Your objective → Strip the pictures and reproduce the rest of the listing exactly.

Source material →
--- --- ---
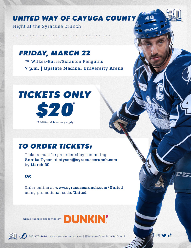 The United Way of Cayuga County’s Night at the Syracuse Crunch may not be until March but tickets are now available.
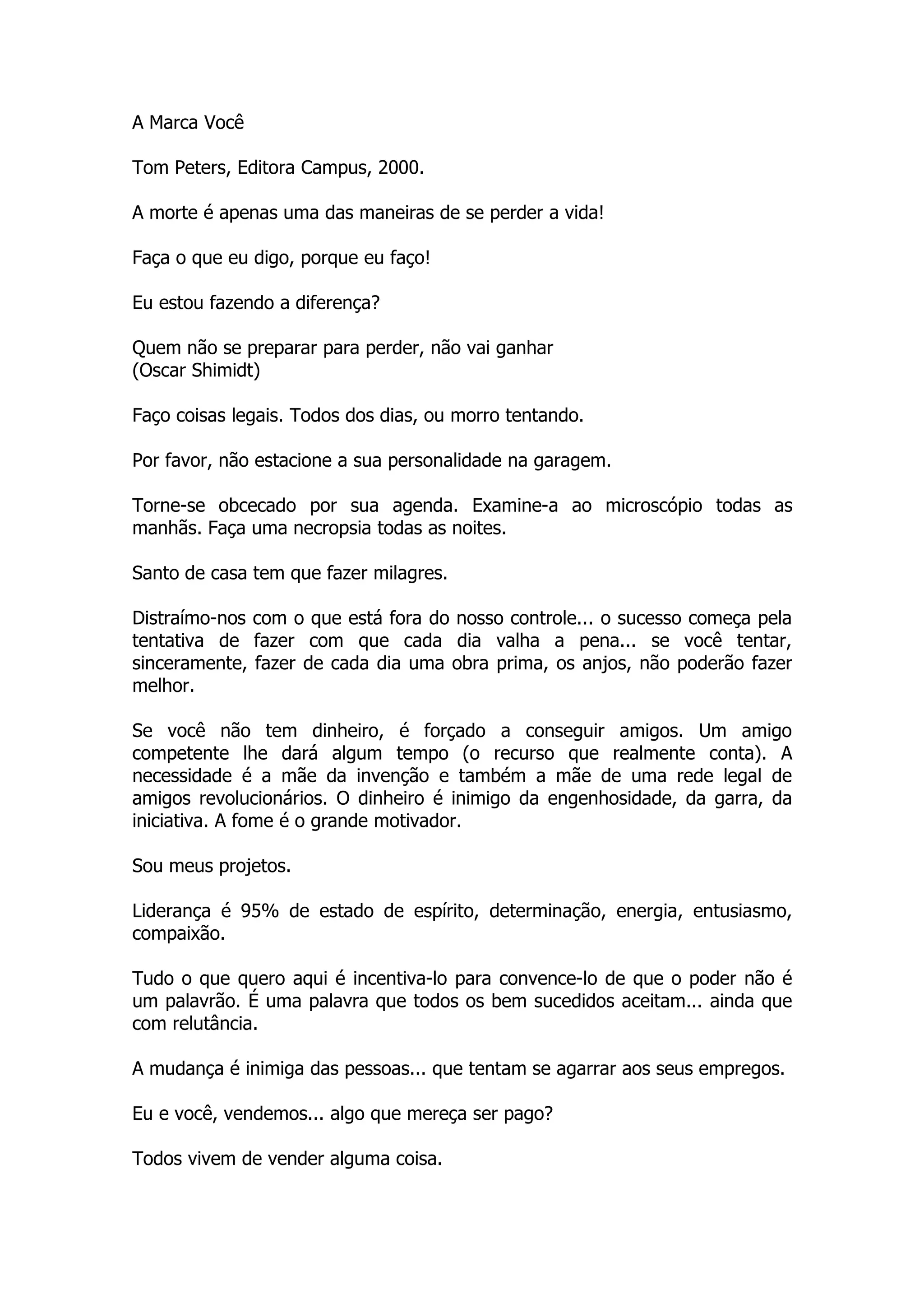 O documento apresenta várias citações sobre a importância de se destacar no trabalho, de se dedicar aos projetos, de cultivar relacionamentos e de buscar a mudança. Algumas frases enfatizam que o sucesso vem da tentativa de fazer cada dia valer a pena e de se tornar obcecado pela agenda, e que a fome é um grande motivador quando se falta dinheiro e amigos.
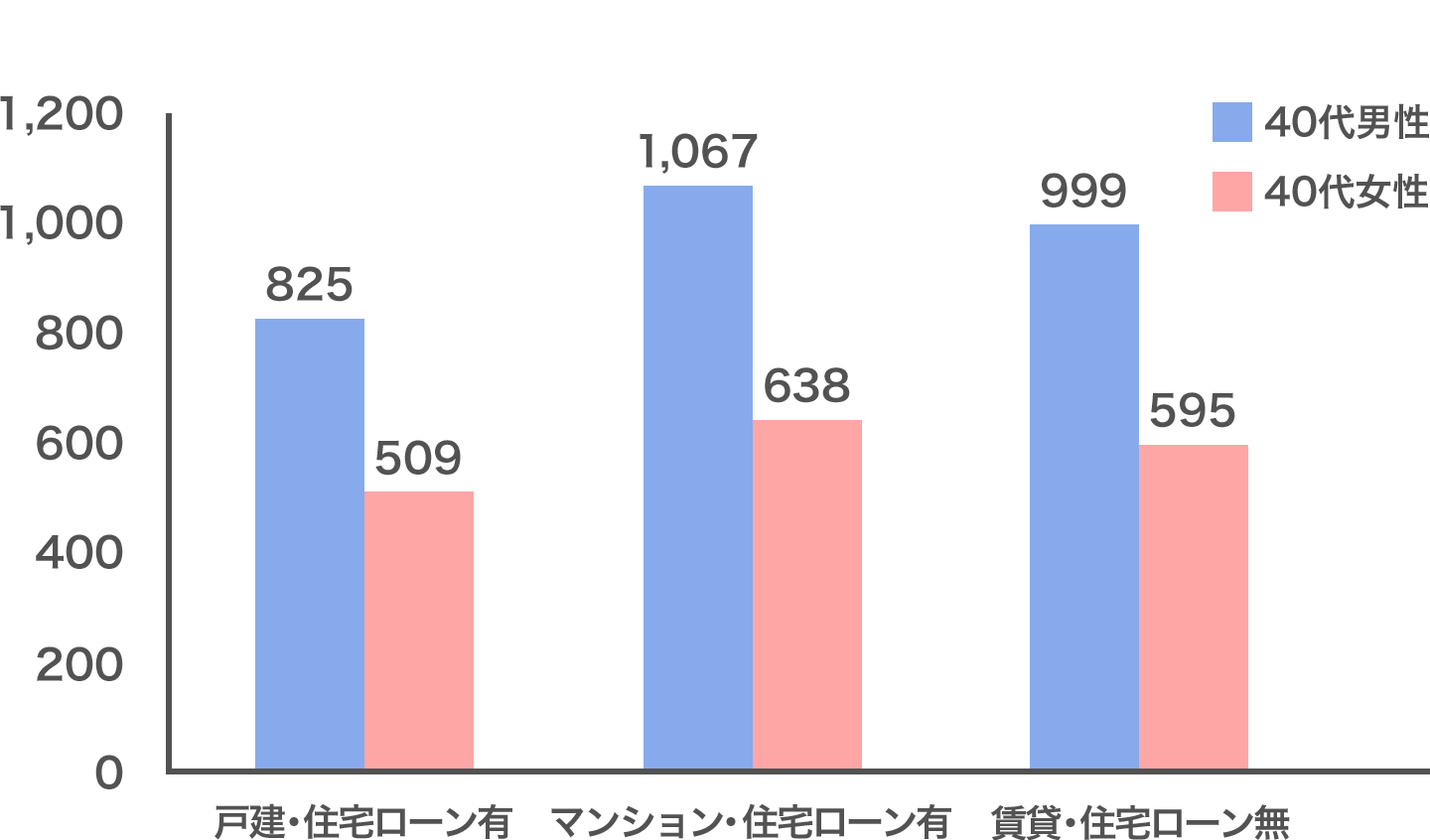 回答者の40代の男女約3万人を、住宅ローンの有無と住宅様式(戸建、マンション)によってグループに分けて、その金融資産額について調べました。
--- --- ---
Task result →
 The United Way of Cayuga County’s Night at the Syracuse Crunch may not be until March but tickets are now available.
 O documento apresenta várias citações sobre a importância de se destacar no trabalho, de se dedicar aos projetos, de cultivar relacionamentos e de buscar a mudança. Algumas frases enfatizam que o sucesso vem da tentativa de fazer cada dia valer a pena e de se tornar obcecado pela agenda, e que a fome é um grande motivador quando se falta dinheiro e amigos.
 回答者の40代の男女約3万人を、住宅ローンの有無と住宅様式(戸建、マンション)によってグループに分けて、その金融資産額について調べました。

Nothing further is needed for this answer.